Search code examples
mysqldeduplication

Remove all duplicates from mysql table


I have a table which shows product ID's and how many times they have been given, 1 star, 2 stars, 3 stars, 4 stars and 5 stars when reviewed by customers along with the average rating for that product. There are some duplicate rows appearing in this table. How can I remove the rows which are complete duplicates e.g. ProductId 1196585. An example of the table is below.

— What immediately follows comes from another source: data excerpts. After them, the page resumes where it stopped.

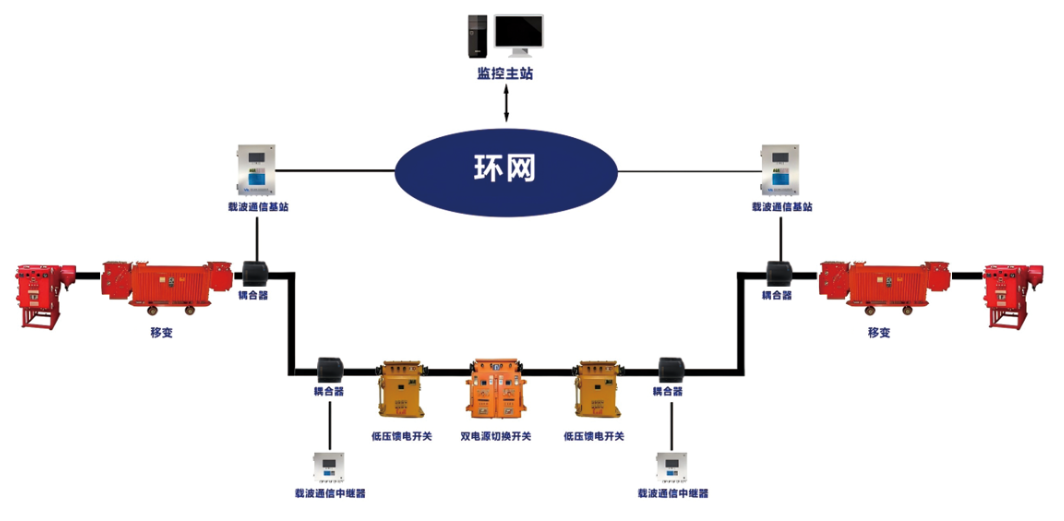 低频电磁耦合式通信装置以电缆金属铠装层/屏蔽层为传输介质,无需单独铺设通信线缆,通过电磁感应耦合实现无接触信号传递。信号经发射端—耦合器—电缆屏蔽层—耦合器—接收端形成闭环,适用于高电磁干扰、小数据量传输场景,可对矿山主干网络进行有效补盲。
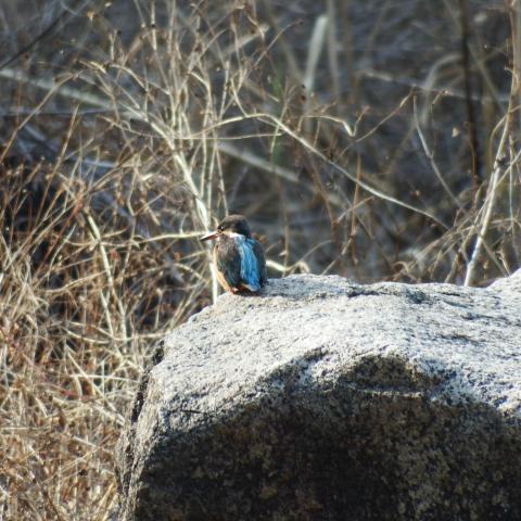 まずは人工川でカワセミとジョウビタキにあいさつ。
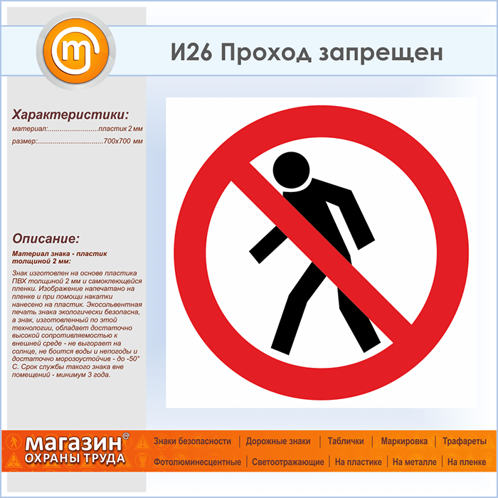 Знак «Проход запрещен», И26 (пластик, 700х700 мм) в Хотьково купить
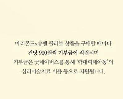 가치소비를 이끌고 있는 이랜드 슈펜 X 마리몬드 콜라보 상품! 학대피해아동들이 빨리 치유될 수 있도록 많은 관심 가져보시면 좋을 것 같습니다.
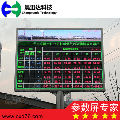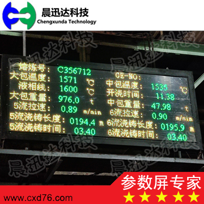 公司設計生產的工業參數顯示器(也稱:LED大屏、LED參數屏、工業參數屏、工業大屏、工業參數顯示屏、工業參數大屏幕,工業參數顯示板,工業參數看板,工業參數電子屏,上件參數看板、環保參數看板,環保信息顯示屏、連鑄大屏、連鑄LED屏、廢鋼參數屏、電力參數屏、中控參數屏、電力參數LED大屏)用于控制室、車間、監控室、戶外環保參數展示等場合,用于顯示電量、功率、頻率、溫度、濕度、壓力、液位、流量、轉速等各種工業參數的瞬時量、累計量。顯示采用大型數碼管、單雙色點陣LED屏、或全彩LED屏,以及各種尺寸工業LCD屏的方式,顯示方式靈活、清晰、醒目、直觀、性能穩定可靠、功耗低、壽命長。
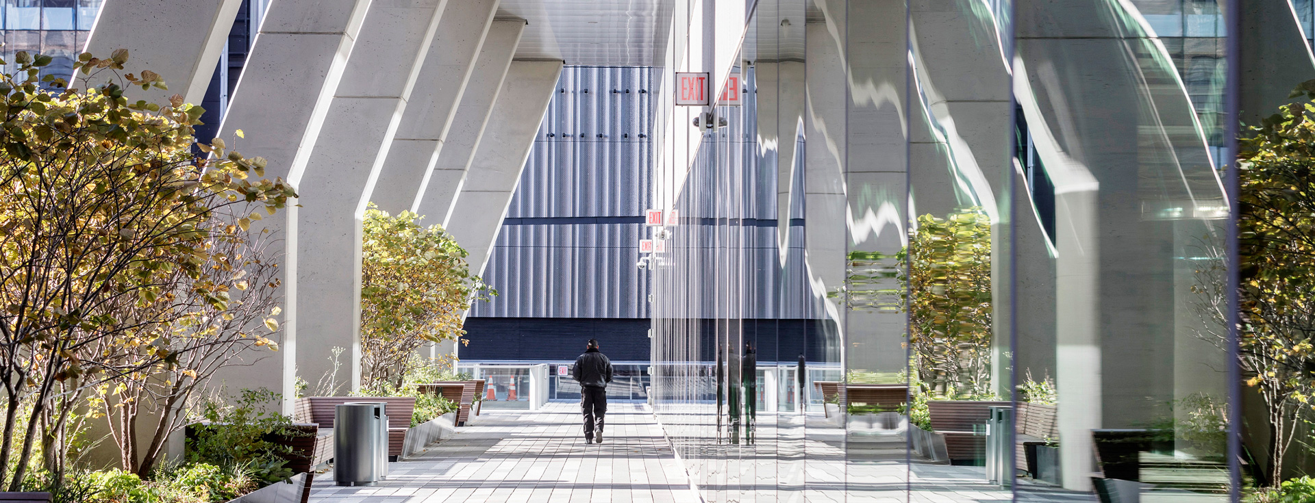 Designed by New York-based architectural firm, REX, the redevelopment modernized and fully integrated the 1.8 million sf building through an exterior re-cladding and interior renovation program including a new pleated glass façade which created floor-to-ceiling windows on every floor, serving to maximize daylight penetration while reducing solar gain. The interior program included a redesigned lobby, upgraded and expanded elevators, and enhanced HVAC and other mechanical systems. New retail storefronts are being incorporated along 31st, 33rd Streets and 10th Avenue with additional pedestrian connections extending over Dryer Avenue to Brookfield’s Manhattan West Project.
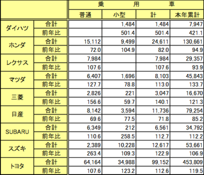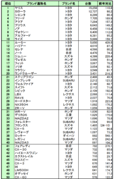 軽自動車の販売台数を見ると(トヨタを除く)各メーカーが仲良く順位を争っている様に見えます
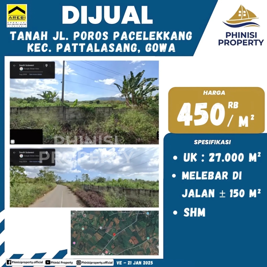 Dapatkan kesempatan investasi yang luar biasa dengan tanah sangat luas di Jalan Poros Pacelekkang, Kecamatan Pattalasang, Gowa. Properti ini menawarkan ukuran fantastis 27.000 M2 dan memiliki keunggulan melebar di jalan sekitar 150 meter, menjadikannya sangat strategis untuk pengembangan skala besar seperti kawasan industri, pergudangan, perumahan, atau proyek agrobisnis. Dengan harga 450 Ribu per meter persegi dan status kepemilikan Sertifikat Hak Milik (SHM), tanah ini menjamin legalitas dan potensi pengembangan jangka panjang yang optimal di wilayah Gowa yang terus tumbuh pesat.
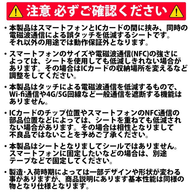 ・本製品はスマートフォンとICカードの間に挟み、同時の電磁波通信による誤タッチを低減するシートです。それ以外の用途では動作保証外となります。

ProductId  | rate1 | rate2 | rate3 | rate4 | rate5 | aveRate

1294518    |   4   |   1   |   0   |   0   |   0   |   1

9226582    |   0   |   0   |   3   |   0   |   0   |   3

3946583    |   0   |   0   |   0   |   1   |   0   |   4

7392588    |   1   |   0   |   0   |   0   |   6   |   5

1196585    |   0   |   0   |   2   |   3   |   9   |   5

1196585    |   0   |   0   |   2   |   3   |   9   |   5

For clarification I want to modify the table and I will make a copy of it first.


Solution

  • Further to my earlier comment about a unique ID field, I had a play trying to come up with a normal SQL way of doing this in one statement and without the need to temporarily alter the table if you had such an id.

    DELETE ProductRate 
    FROM ProductRate
    INNER JOIN (
    SELECT id, ProductId, rate1, rate2, rate3, rate4, rate5, aveRate, 
    @Counter := (
                CASE
                    WHEN ProductId != @ProductId THEN 0
                    WHEN rate1 != @rate1 THEN 0
                    WHEN rate2 != @rate2 THEN 0
                    WHEN rate3 != @rate3 THEN 0
                    WHEN rate4 != @rate4 THEN 0
                    WHEN rate5 != @rate5 THEN 0
                    WHEN aveRate != @aveRate THEN 0
                    ELSE @Counter + 1
                END
                ) AS RecCounter,
    @ProductId:=ProductId, 
    @rate1:=rate1, 
    @rate2:=rate2, 
    @rate3:=rate3, 
    @rate4:=rate4, 
    @rate5:=rate5, 
    @aveRate:=aveRate
    FROM ProductRate,
    (SELECT @Counter:=0, @ProductId:=0, @rate1:=0, @rate2:=0, @rate3:=0, @rate4:=0, @rate5:=0, @aveRate:=0) Deriv1
    ORDER BY ProductId, rate1, rate2, rate3, rate4, rate5, aveRate) Deriv2
    ON ProductRate.id = Deriv2.id
    WHERE Deriv2.RecCounter >0
    

    Note that this assumes you do have a unique id on the table. You can easily add one by:-

    ALTER TABLE `ProductRate` ADD `id` INT NOT NULL AUTO_INCREMENT PRIMARY KEY FIRST
    

    I have only done this out of interest and for a one off job I would be happy using the suggestions from either Er. Nikhil Agrawal or Devart. However if this is a regular issue which can occur but only occasionally needs cleaning up, adding the unique meaningless id and using this SQL might be worthwhile.